The final state of node j \(\left( {1 \le j \le N} \right)\) is denoted by \(s_{j} \in \left[ {0,1} \right]\), where ‘0’ and ‘1’ correspond to the non-affected and affected state, respectively. We start the cascade dynamics from an initial condition, where one seed node (which can be any node) is in state 1 and all the other \(N - 1\) nodes are in state 0. During the cascade dynamics, node j may irreversibly switch from state 0 to state 1 if node j has at least one upstream neighbour that is in state 1. Consequently, a node with no upstream neighbors can only be in a state of 1 if and only if it is a seed node.

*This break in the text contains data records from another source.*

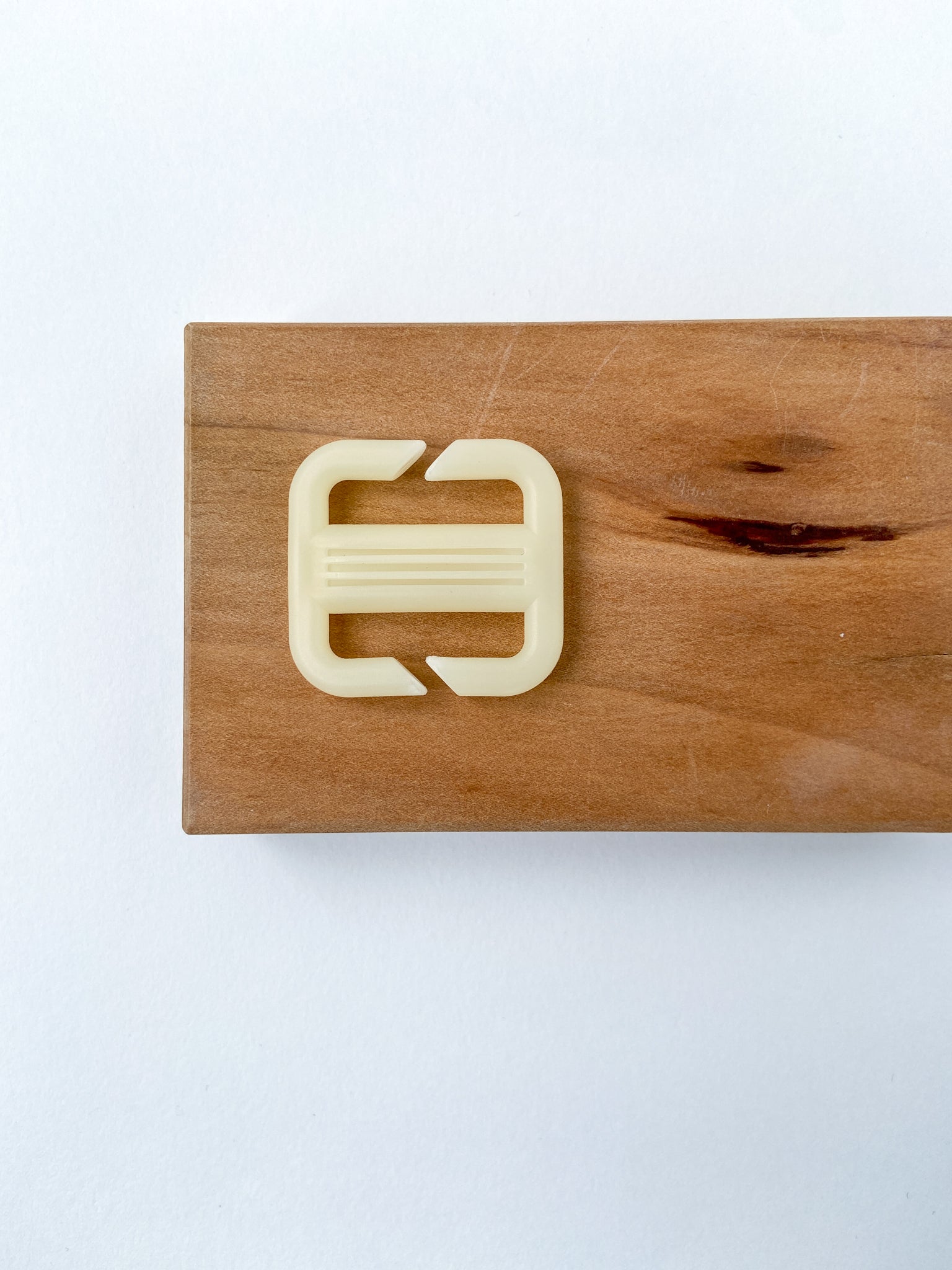 Meet the next generation in lingerie, bag and accessory hardware made from 100% bio-based material. These ladder locks look, feel and perform like their synthetic counterparts but are 100% plastic-free and will decompose safely at end-of-life.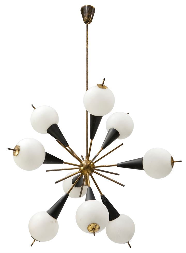 STILNOVO Lampada a sospensione in ottone, metallo laccato e vetro. Prod....
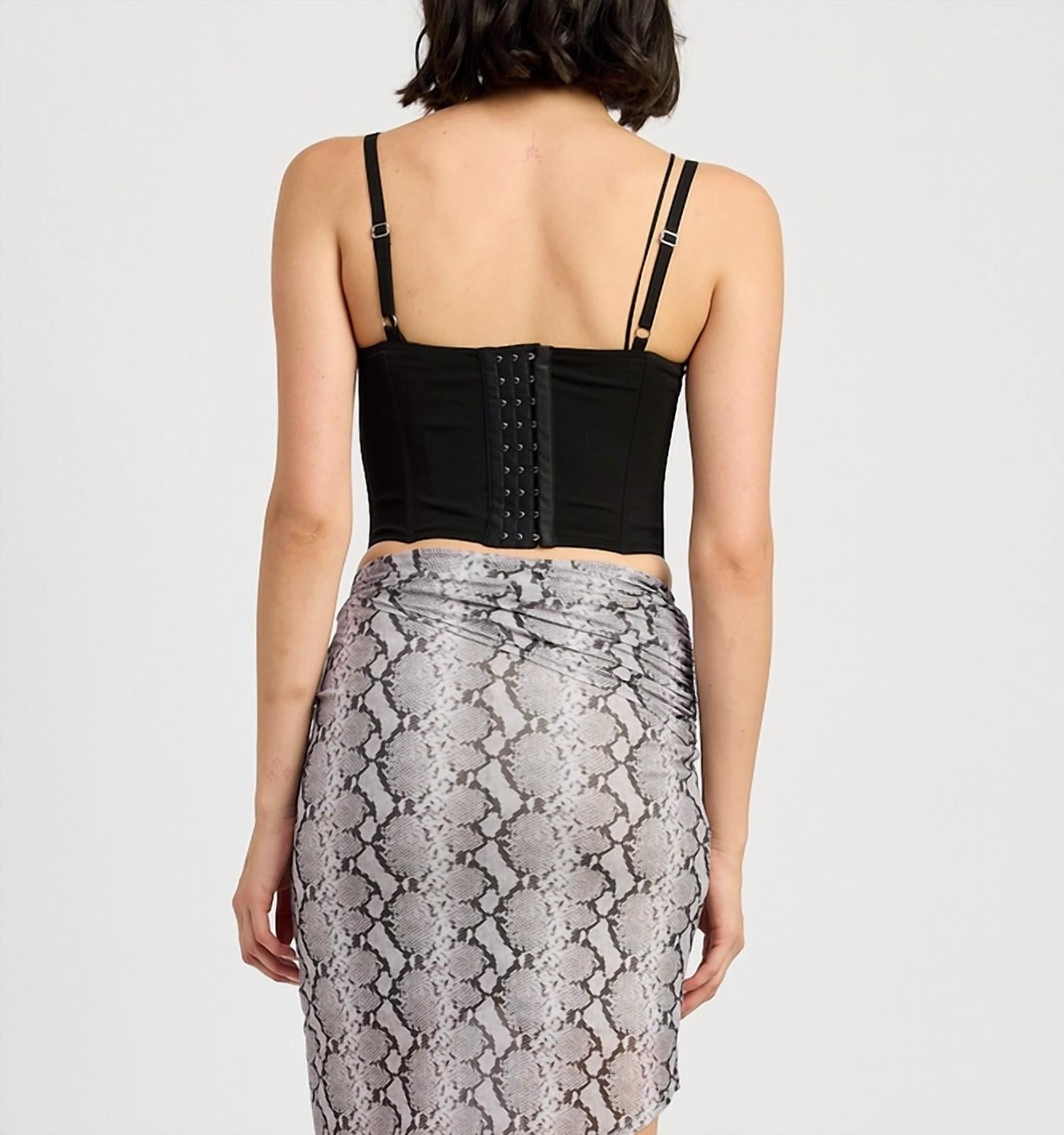 Introducing the Peekaboo Lace Corset Top by Emory Park, a stunning addition to any wardrobe that exudes chic elegance. This black top features delicate lace detailing and a sweetheart neckline, complete with spaghetti straps for a minimalist, yet alluring look. Closure: Hook and eye closure ensures a flattering fit while enhancing your natural curves. Care instructions: Hand wash. Ideal for a dinner party, this piece effortlessly pairs with various ensembles for versatile glam.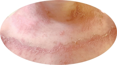 更令人意想不到的是,磊磊身上的皮肤症状也开始在爸爸、妈妈身上蔓延——爸爸的腹股沟区域出现发红、脱皮,妈妈的双侧胳膊肘内侧也有了红斑和细碎的皮屑……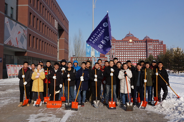 師生黨員、學(xué)生干部、入黨積極分子、卓越工程師班學(xué)生們不畏嚴(yán)寒,爭先恐后,拿起鐵锨、掃帚等工具,齊心協(xié)力,配合默契,迅速投入到掃雪工作中,成為冬日校園一道亮麗的風(fēng)景線。經(jīng)過1個多小時(shí)奮力勞動,交通樓前的積雪基本被清理干凈。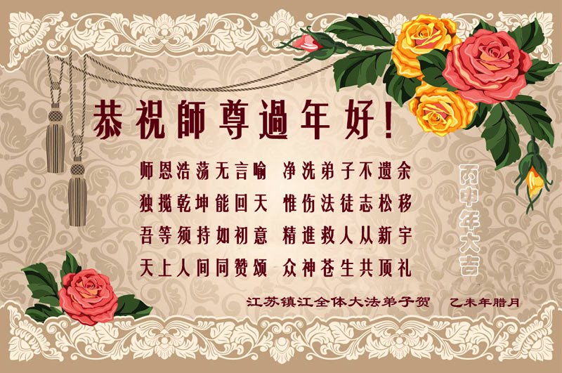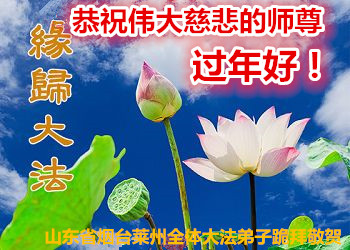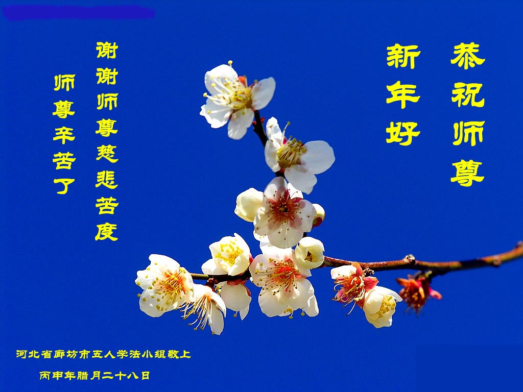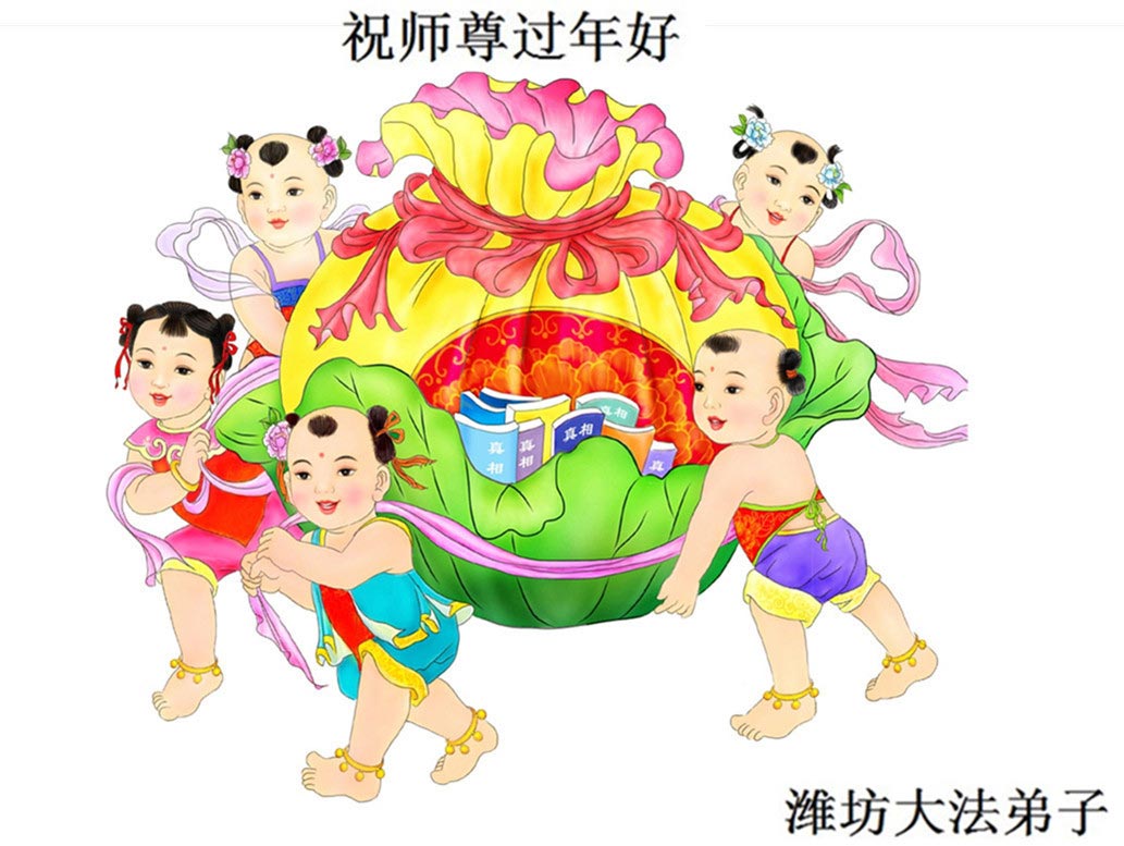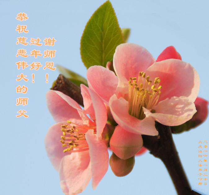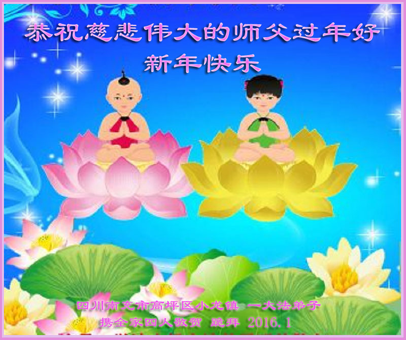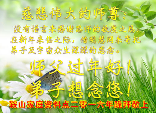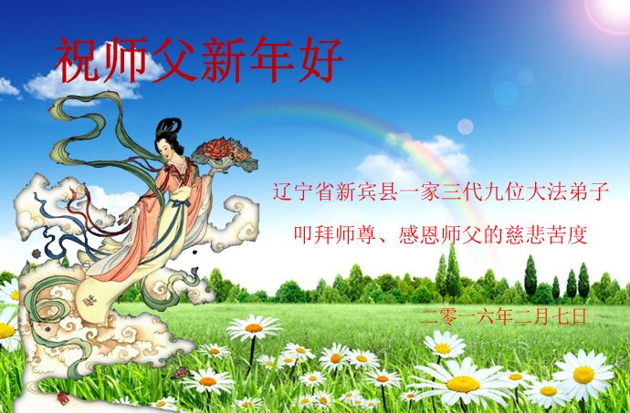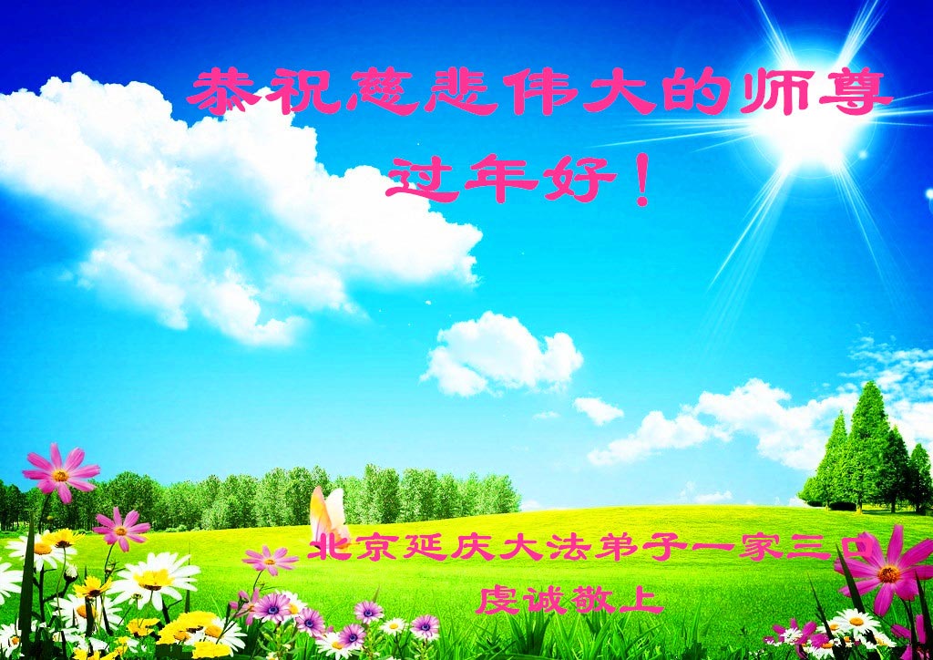 新年来到,弟子及明白真相的家人(妻子)给慈悲伟大的师尊拜年!师尊新年好!新年快乐!师尊您辛苦了!

We determine the final state of each node (and hence the final cascade size) by marking the nodes one by one as follows. Initially, the seed node is the only marked node (i.e., finalized to state 1) in the network. During the course of the following procedure, all nodes that are yet to be marked have state 0. Marked nodes have state either 0 or 1. In each round, we pick an unmarked node j whose all upstream neighbors have been marked. The first node to be marked after the seed node is a node that does not have any upstream neighbor (i.e., in-degree equal to 0) or a node that has the seed node as the only upstream neighbor. To determine the final state of node j (i.e., to mark node j), we assume that the failure of each upstream neighbor of node j, referred to as node i, independently causes node j to fail with probability \(p_{ij}\). Then, we set the final state of node j to 1 with probability

$$P_{j} = 1 - \prod\limits_{{{i; e}_{{ij}} \in E}} {\left[ {\left( {1 - s_{i} } \right) + s_{i} \left( {1 - p_{{ij}} } \right)} \right],}$$
(1)

where \(E\) is the set of links. Otherwise, we set the final state of node j to 0. In Eq. 1, the product term is the probability that node j does not fail, and each factor in the product is the probability that node i does not cause the failure of node j. If \(s_{i} = 0\), this probability is equal to 1. If \(s_{i} = 1\), this probability is equal to \(1 - p_{ij}\). Once the state of node j is determined in this manner, we mark node j and select a next unmarked node such that all its upstream neighbors have been marked. Note that the results do not depend on the order of marking the nodes.

To set the value of \(p_{ij}\), we consider the impact of time between the completion of task i and start of task j, which is called the free float in management literature and inter-event time in network science literature. We denote this quantity by \(\tau_{ij}\). We assume that the probability that the failure of node i causes the failure of node j decreases as \(\tau_{ij}\) increases because a larger \(\tau_{ij}\) indicates that more time is available for containing the effect of task i’s failure on its downstream neighbors [16, 39]. Reducing inter-event times has been suggested to reduce the risk of failure propagation as well [10, 29]. Therefore, we assume that

$$p_{ij} = q_{0} \exp \left( { - \frac{{\tau_{ij} }}{{\tilde{\tau }}}} \right),$$
(2)

where \(q_{0} \in \left[ {0,1} \right]\) and \(\tilde{\tau }\left( { > 0} \right)\) are parameters. Parameter \(q_{0}\) is the probability that task j fails if task i does and there is no spare time (i.e., no free float) between the two tasks, i.e., \(\tau_{ij} = 0\). Equation 2 indicates that if the two tasks are far apart in time, it is not likely that failure of one task triggers failure of a successor task. Parameter \(\tilde{\tau }\) controls the impact of the free float, \(\tau_{ij}\), on the probability that the failure of node i causes the failure of node j. By definition, a large \(\tilde{\tau }\) value yields a small probability that the failure of node i causes the failure of node j, and vice-versa.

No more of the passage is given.